Wat bezielt jullie om nog altijd te dwepen met zaken die 150 jaar geleden geschreven zijn? Marx schreef toch over de 19e eeuw, dat is al lang niet meer actueel! Dat soort argumenten krijgen wij regelmatig te horen. Daarop kunnen we alleen maar antwoorden dat de analyses die Marx maakte actueler zijn dan ooit. Als een professor of een econoom een boekje schrijft, dan is dat na tien of twintig jaar meestal hopeloos verouderd. Wat Marx onder andere in de drie delen van het Kapitaal schrijft is echter 130 jaar na datum brandend actueel. Ten bewijze volgt hier een marxistische uitleg van het actuele probleem bij uitstek: de prijsstijgingen.

Prijs en waarde

Vandaag de dag kun je voor één ton staal ongeveer 0,36 ton aluminium kopen of 0,12 ton koper of 0,04 ton tin, of... 34 gram goud. In feite hebben we deze prijzen opgezocht per 1000 dollar, wat goed uitkwam omdat één ton staal de prijs heeft van ongeveer dat bedrag. We hebben opzettelijk de prijs weggelaten om tot de hamvraag te komen: waarom zijn één ton staal, 0,36 ton aluminium enzovoort "evenveel waard"? Een liberaal zal zeggen: dat is de wet van vraag en aanbod. Al die goederen komen op de markt: als er van een soort goederen grote hoeveelheden op de markt komen en de vraag is niet al te groot, dan zal de prijs laag zijn. Komen er weinig op de markt en is de vraag groot, dan is de prijs hoog. Een beetje gezond verstand toont aan dat hier iets niet klopt. Vooral de prijs van het goud kan niet anders dan ons de wenkbrauwen doen fronsen. Is er echt zo weinig goud en is de vraag zo groot dat dit product zo verschrikkelijk duur moet zijn? Marx geeft hieraan een heel andere uitleg.

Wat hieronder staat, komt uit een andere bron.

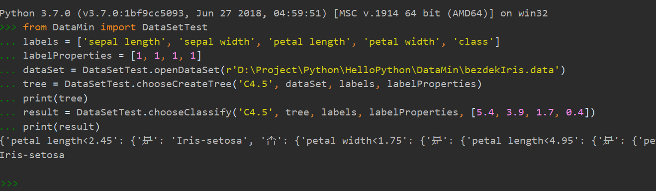result = DataSetTest.chooseClassify('C4.5', tree, labels, labelProperties, [5.4, 3.9, 1.7, 0.4])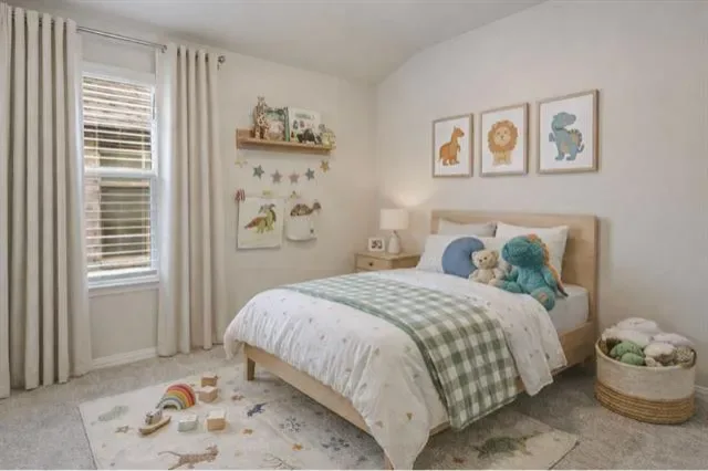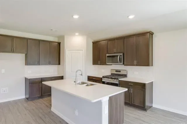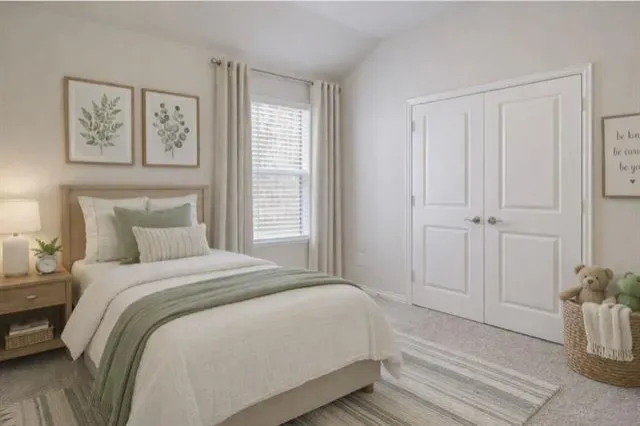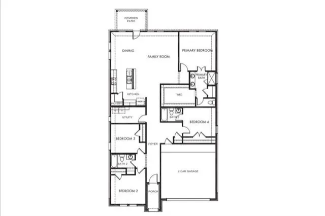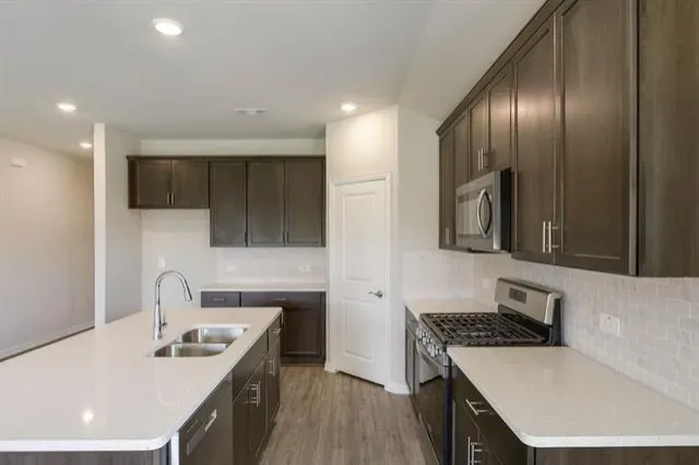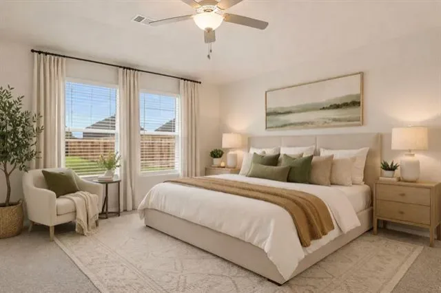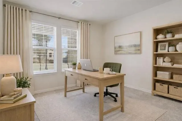 The open-concept living area flows seamlessly to the covered back patio, creating an ideal setup for indoor-outdoor entertaining. The home showcases the sought-after Balanced design package, including dusk cabinets, white quartz countertops, beige EVP flooring, and dark gray tweed carpet for a warm, modern aesthetic.

Als de boven vermelde hoeveelheden goederen "evenveel waard zijn", dan komt dat volgens hem omdat er evenveel arbeid nodig is om ze te produceren. Dat is de sleutel om de verschillen te begrijpen. Als goud voor eenzelfde gewichtseenheid zoveel meer waard is dan staal of aluminium, dan komt dat omdat de productie van goud enorm bewerkelijk is. Vele uren arbeid gaan in de ontginning, legering enzovoort. Voor het goud van een ring van 10 gram met een gehalte van 18 karaat ontstaat bovendien 18000 kg afval.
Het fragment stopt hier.